The political standoff between President Nicolás Maduro and Juan Guaidó, who declared himself interim president on 23 January and has been recognized as such by more than 50 countries, is far from over. Following the unsuccessful attempt by Guaidó and his allies to deliver aid into the country on 23 February, the opposition leader embarked on a support-seeking tour across the region before returning to Venezuela without incident on 4 March, despite breaking a court-imposed travel ban, to continue pressing on President Maduro to step down. Meanwhile, the diplomatic and economic pressure continues to mount as the U.S. announced new sanctions targeting high-profile figures in the Venezuelan government and military. This follows the painful sanctions imposed on the all-important oil industry in late-January, which have led government officials to scramble in seeking alternative markets to sell crude and securing access to its gold reserves as well as much-needed foreign currency. The latest power outages, which have been running for nearly a week, complicate matters further as they are set to impact oil operations and disrupt day-to-day economic activity.

The outlook is grim. On the one hand, the political situation remains in limbo, with the Maduro government likely opting to wait out the crisis while Guaidó strives to keep up the momentum. On the other hand, financial sanctions aimed at choking off the government’s access to external financing and its oil revenues inflict more damage to an already crippled economy besieged by run-away inflation and goods shortages. The possibility of political change has increased amid the latest events, a scenario which some of our panelists have factored into their forecasts. FocusEconomics panelists see the economy contracting 12.4% in 2019, which is down 2.1 percentage points from last month’s forecast. In 2020, the panel sees GDP falling 2.5%.

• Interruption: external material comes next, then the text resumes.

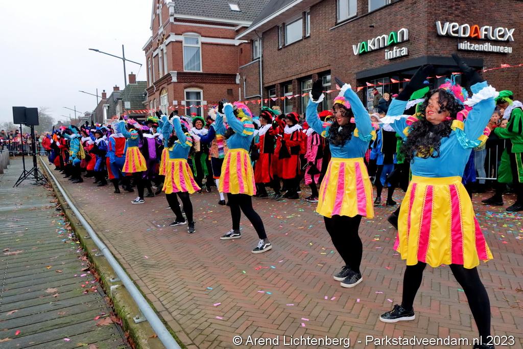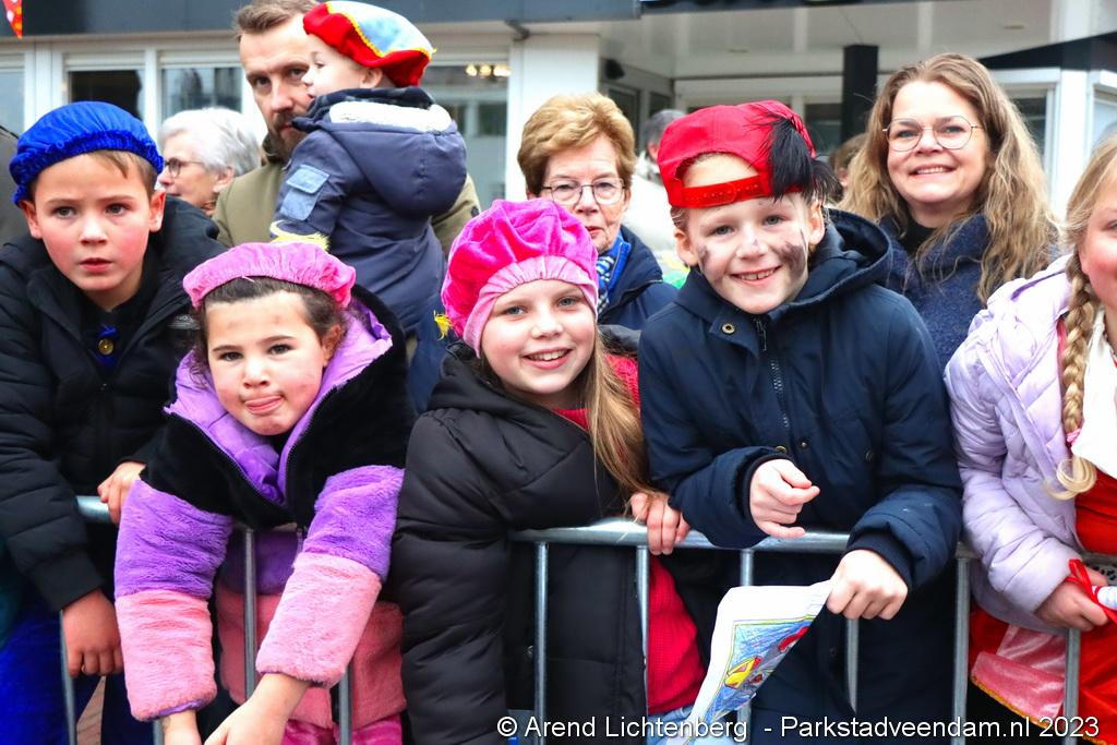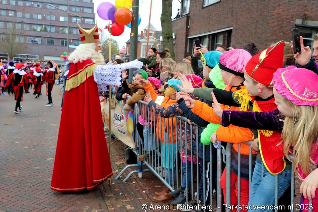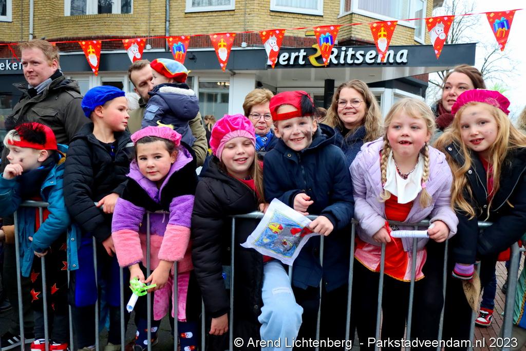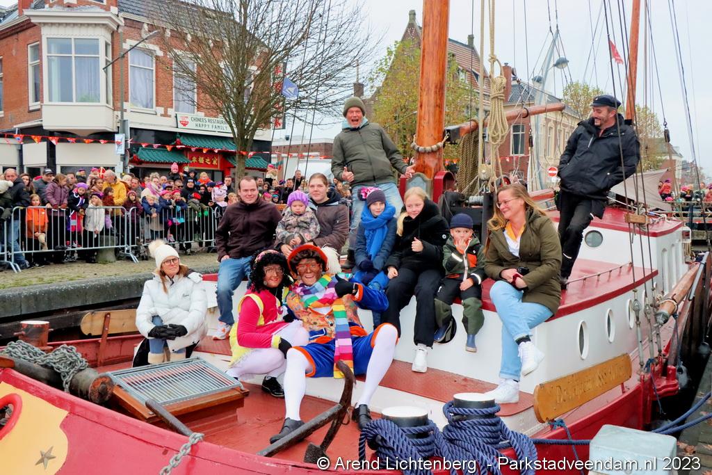 Vergezeld van de Pakjesboot is Sinterklaas zaterdagmiddag aangekomen in Veendam. Honderden kinderen met ouders, opa`s en oma`s e.v.a. zagen Sinterklaas en maar liefst 175 pieten rond 13.00 uur in de haven aan de Blankensteinkade voet aan wal zetten.

Panelists estimate inflation to have ended 2018 at nearly 1,300,000%. Last year’s monetary reconversion has been unable to tame hyperinflation while sanctions are set to worsen goods scarcities going forward, further fueling inflationary pressures. Our panel sees inflation surging to over 70,000,000% by the end of 2019, before falling to around 1,500,000% by the end of 2020. Despite the sharp devaluation of the currency in late-January which brought the official rate roughly up to par to the black market’s, the differential between the two has started to widen yet again. The official DICOM exchange rate came in at 3,300 VES per USD in the 8 March auction, while the parallel market rate fell to 3,603 VES per USD that same day. Our panelists expect the official rate to end 2019 at 243 million VES per USD, before rising to 1.1 billion VES per USD by the end of 2020.